Dataset extract:

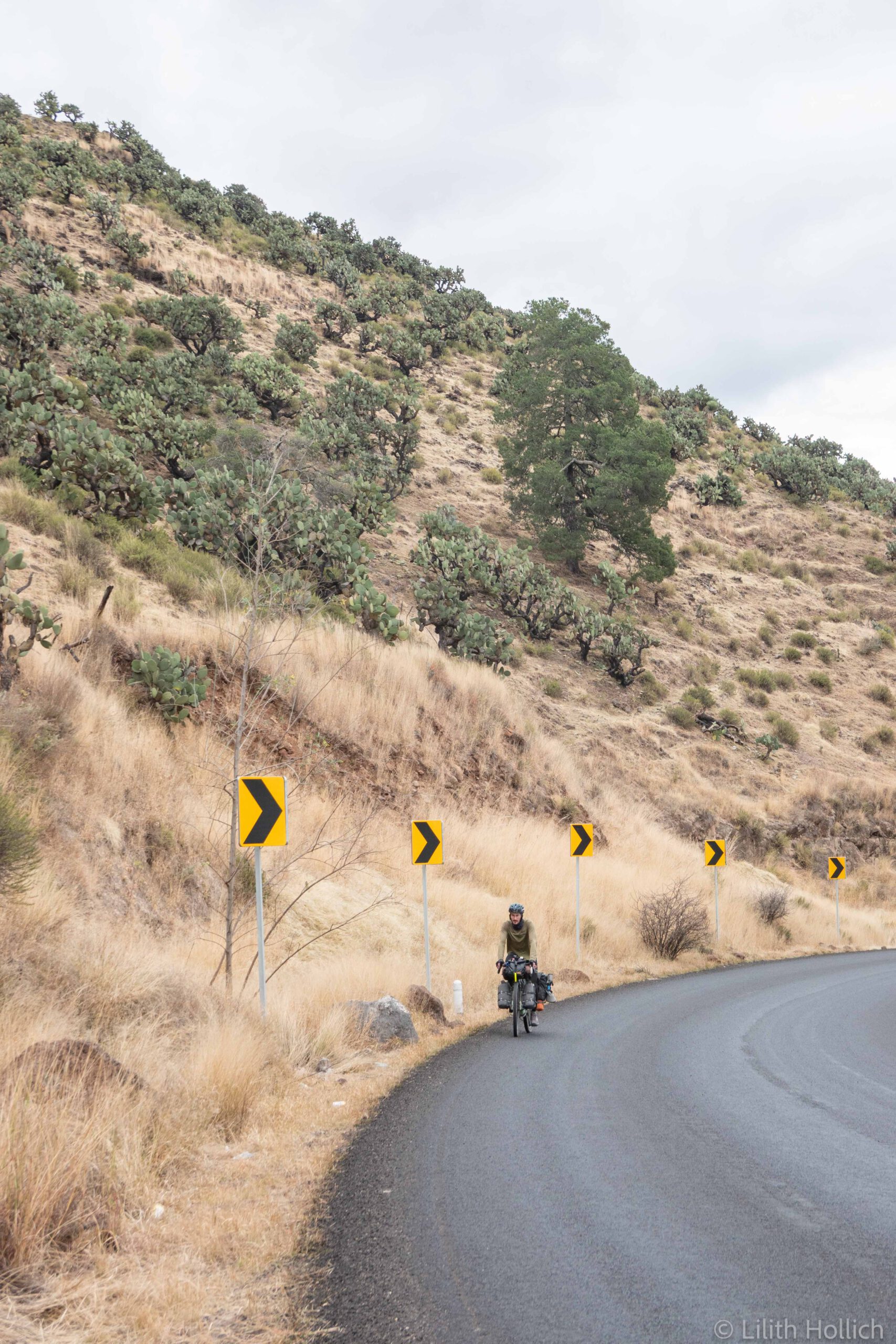 After having been spared for so many days, the bad weather caught up with us once again. As we began the climb out of a small village, the sky got darker and the wind picked up. Luckily for us, the rain waited for a while, but when we arrived at a fairly deserted settlement after a few hours, it was truly unpleasant. It was cold, it was windy and it was pouring with rain! Couldn’t it at least have been warm for the first proper rain after such a long time? It was quite late anyway and we looked for a wildcamping spot in the nearby forest. We continued cycling uphill the next morning, all the way up to 2847 metres – our highest point in Mexico at that point! Unfortunately, the descent was very bumpy and felt like it went on forever.
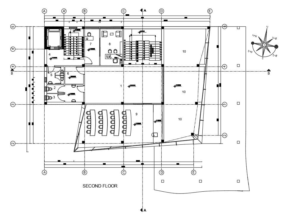 25x20m second floor commercial shop plan is given in this AutoCAD drawing model. Download now.
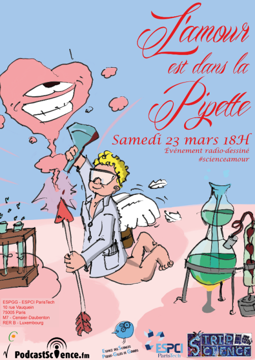 Retrouvez les chroniqueurs passionnés de Podcast Science et les talentueux dessinateurs de Strip Science à l’ESPGG pour la deuxième soirée radio-dessinée, autour de la chimie de l’amour !
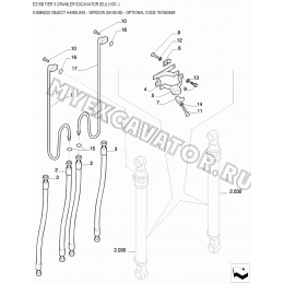 1. 87547555 TUBE, RIGID 2. 87547557 HOSE, FLEXIBLE 3. 87547558 HOSE, FLEXIBLE 4. 72955500 BRACKET 5. 87353360 VALVE, HYDRAULIC 6. 72214523 CONNECTOR, HYD. 7. 72214526 CONNECTOR, HYD. 8. 72214548 CONNECTOR, HYD. 9. 72214663 PLUG 10. 71404313 HALF-FLANGE 11. 11106234 BOLT, Hex, M10x25, 10.9, Full Thd ..
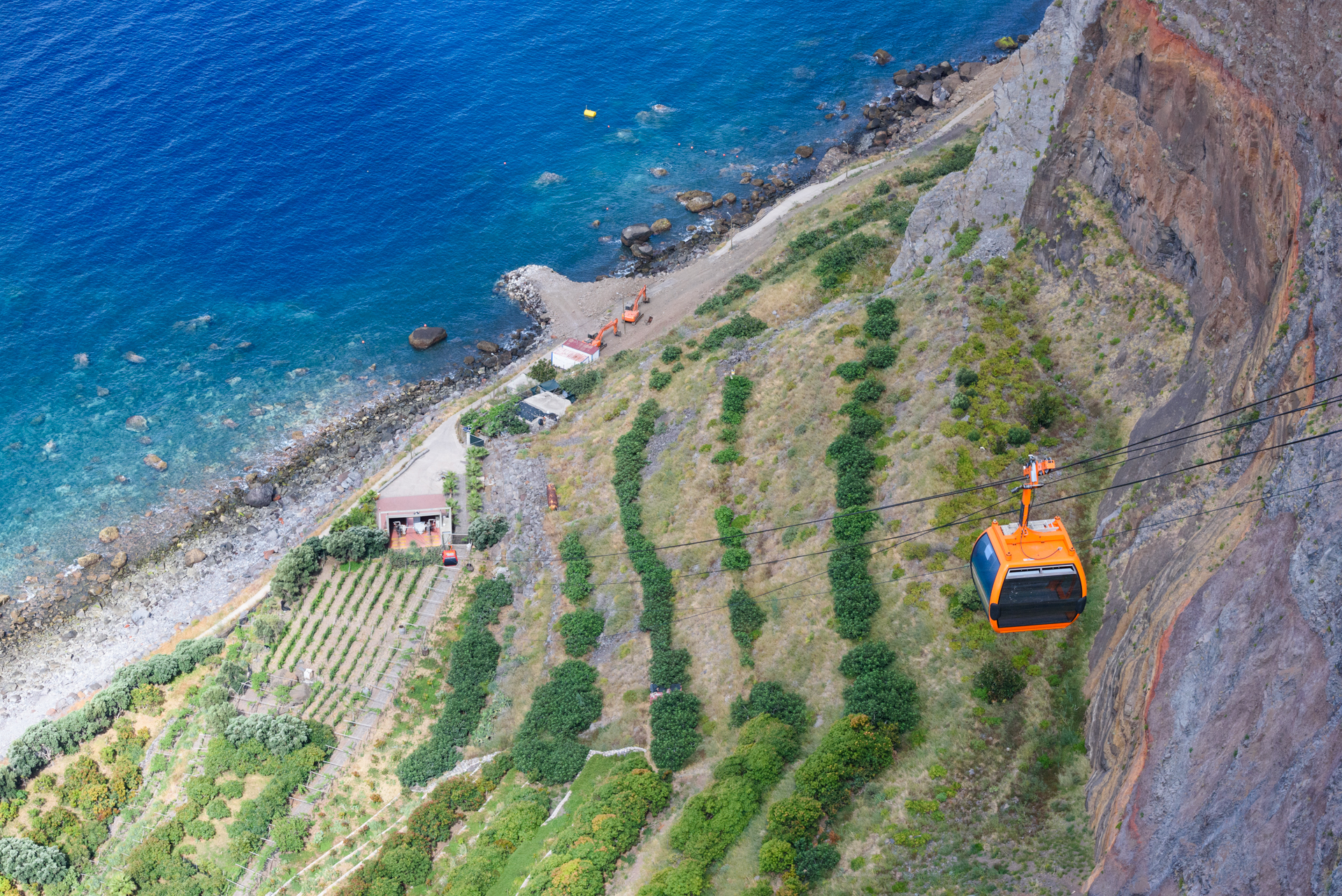 El teleférico del Cabo Girao (Teleferico do Rancho) lleva por unos impresionantes acantilados, y este es uno de los mejores lugares de Madeira para admirar las características volcánicas de sus paredes verticales.
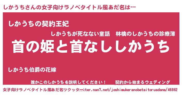 | 胡散臭い通販商品みたいなあだ名 | 『来世でも幸せになれる健康食品…その名も「しかうち」』 |
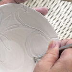 現代でいうパスタ皿のような深皿をリムや輪花のアレンジも検討しながら1枚つくります。

Instructions for the task:
Each entry is to be written out again word for word, and any pictures are to be omitted.

Completed task:
 After having been spared for so many days, the bad weather caught up with us once again. As we began the climb out of a small village, the sky got darker and the wind picked up. Luckily for us, the rain waited for a while, but when we arrived at a fairly deserted settlement after a few hours, it was truly unpleasant. It was cold, it was windy and it was pouring with rain! Couldn’t it at least have been warm for the first proper rain after such a long time? It was quite late anyway and we looked for a wildcamping spot in the nearby forest. We continued cycling uphill the next morning, all the way up to 2847 metres – our highest point in Mexico at that point! Unfortunately, the descent was very bumpy and felt like it went on forever.
 25x20m second floor commercial shop plan is given in this AutoCAD drawing model. Download now.
 Retrouvez les chroniqueurs passionnés de Podcast Science et les talentueux dessinateurs de Strip Science à l’ESPGG pour la deuxième soirée radio-dessinée, autour de la chimie de l’amour !
 1. 87547555 TUBE, RIGID 2. 87547557 HOSE, FLEXIBLE 3. 87547558 HOSE, FLEXIBLE 4. 72955500 BRACKET 5. 87353360 VALVE, HYDRAULIC 6. 72214523 CONNECTOR, HYD. 7. 72214526 CONNECTOR, HYD. 8. 72214548 CONNECTOR, HYD. 9. 72214663 PLUG 10. 71404313 HALF-FLANGE 11. 11106234 BOLT, Hex, M10x25, 10.9, Full Thd ..
 El teleférico del Cabo Girao (Teleferico do Rancho) lleva por unos impresionantes acantilados, y este es uno de los mejores lugares de Madeira para admirar las características volcánicas de sus paredes verticales.
 | 胡散臭い通販商品みたいなあだ名 | 『来世でも幸せになれる健康食品…その名も「しかうち」』 |
 現代でいうパスタ皿のような深皿をリムや輪花のアレンジも検討しながら1枚つくります。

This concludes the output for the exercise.